The distribution swap: Walmart’s bold logistics move
Wednesday, January 24, 2018
The shifting landscape of e-commerce has been largely shaped in the last few years by a single domineering hand: Amazon's. The "A-to-Z" sales site has become the source for all things shipped, but now their largest competitor is trying to close the market share gap.
Walmart, which enjoys a similar reputation offline to Amazon's online dominance, has been one of the higher-profile beneficiaries of the recently-passed tax plan.
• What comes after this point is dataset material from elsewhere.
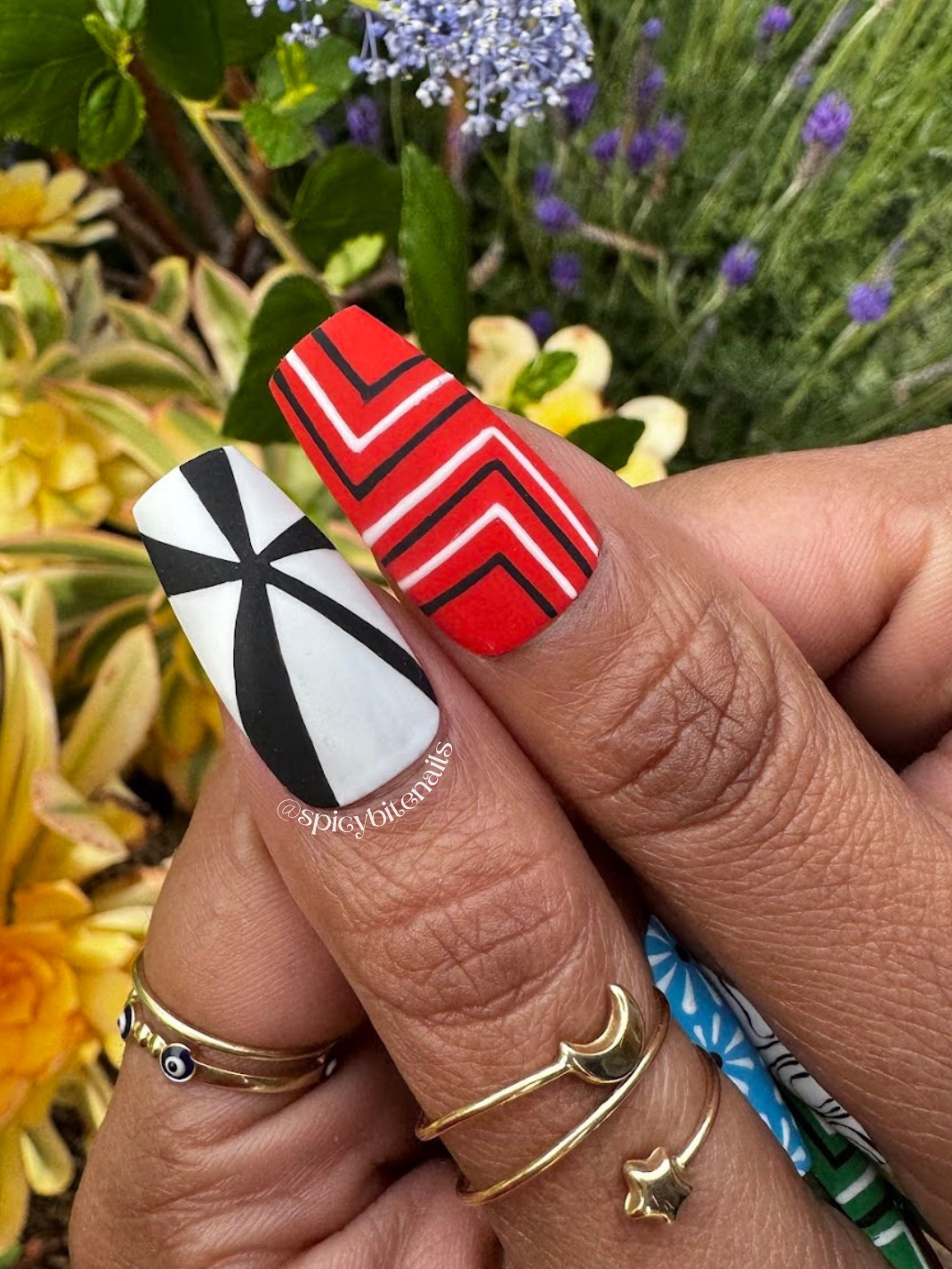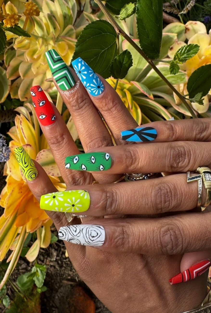 Bold Type is a vibrant press-on nail set that celebrates playful pattern and unapologetic color. Featuring a dynamic mix of graphic florals, abstract eyes, wavy lines, and retro-inspired prints, each nail feels like a piece of pop art. Matte finishes in bold reds, blues, greens, and neons bring the design to life, creating a high-impact look that’s equal parts funky and fearless. Perfect for statement makers, artists at heart, or anyone who loves their nails as expressive as their style.

After doling out raises and bonuses, they interrupted their aggressive marketing of those acts just long enough to suddenly shutter some 63 Sam's Clubs nationwide, citing lagging performance at those locations.
The 12 exceptions
Not one to make hasty moves without a "next step" in play, Walmart stayed true to its savvy planning roots by simultaneously announcing that a dozen of those shuttered stores would be converted into e-commerce fulfillment centers. Considering that Walmart operates only 42 fulfillment centers nationwide — minus the newest additions — to Amazon's 140, they have a considerable amount of catching up to do, though this is an important first step.
These fulfillment centers act as the grease on the supply chain, ensuring that product movement goes smoothly and has ample points at which to pivot, if necessary. When shipping speed is of the essence — and increasingly, it's a make-or-break point for online customers — these fulfillment centers open up more shipping options, enabling convenience timelines such as overnight or second-day delivery with more ease and less financial strain to the end user.
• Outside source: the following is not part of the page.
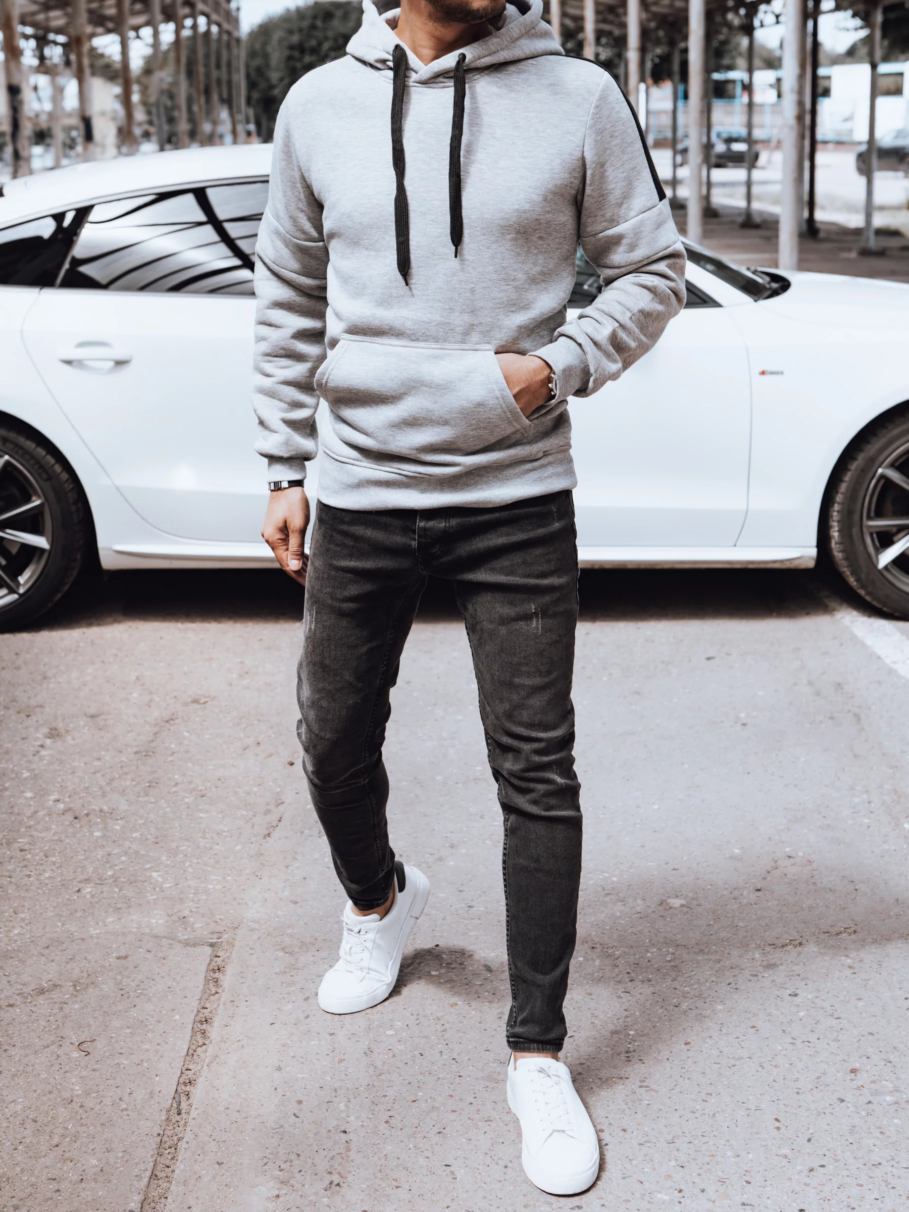 Pánská mikina s kapucí světle šedá Dstreet BX5829 XXL

With dimensional weight pricing and zones making 3PLs and traditional USPS shipping more expensive than ever, it's one of e-commerce's biggest foils. In that light, it makes a great deal of sense to get as many SKUs as close to regional customers as logistically possible, even if that means scattering fulfillment centers clear across the country.
Labor costs and tax breaks
Examining the e-commerce pair's rivalry once more, it only takes a quick glance at the near-rabid courtship of Amazon for their HQ2 location to realize something important. Tax breaks are the most popular form of decision-swaying currency offered to large businesses shifting their focus.
Some regions are able to offer significant tax breaks without angering existing business owners and residents. These tend to be outskirt towns that might not attract enough business to, say, keep a Sam's Club afloat.
The reason Walmart is converting some of their closed warehouse store locations likely has a great deal to do with this particular phenomena: well-placed, large facility locations in tax-friendly areas — doubly so if they're in right-to-work states, a designation preferred by rival Amazon for their warehouse labor.
Apart from some modifications with shelving and infrastructure, Walmart is positioned to either rapidly bring back displaced staff or hire new labor from nearby distressed towns to do the literal heavy lifting, all at budget-affordable wages.
As large legacy stores like Sears, Kmart and JC Penney are struggling to find themselves — or simply to stay alive — in the new e-commerce reality, agility and evolution appear to be winning the day. While a dozen outposts won't completely turn the tide in the Walmart-vs.-Amazon battle, it's a significant logistics shot across the bow.
Now that the rumors of Amazon buying Target have been mostly debunked for the time being, it's prime time — no pun intended — for Walmart to start building momentum upon this unexpected shift and start giving Amazon a more strenuous run for its money.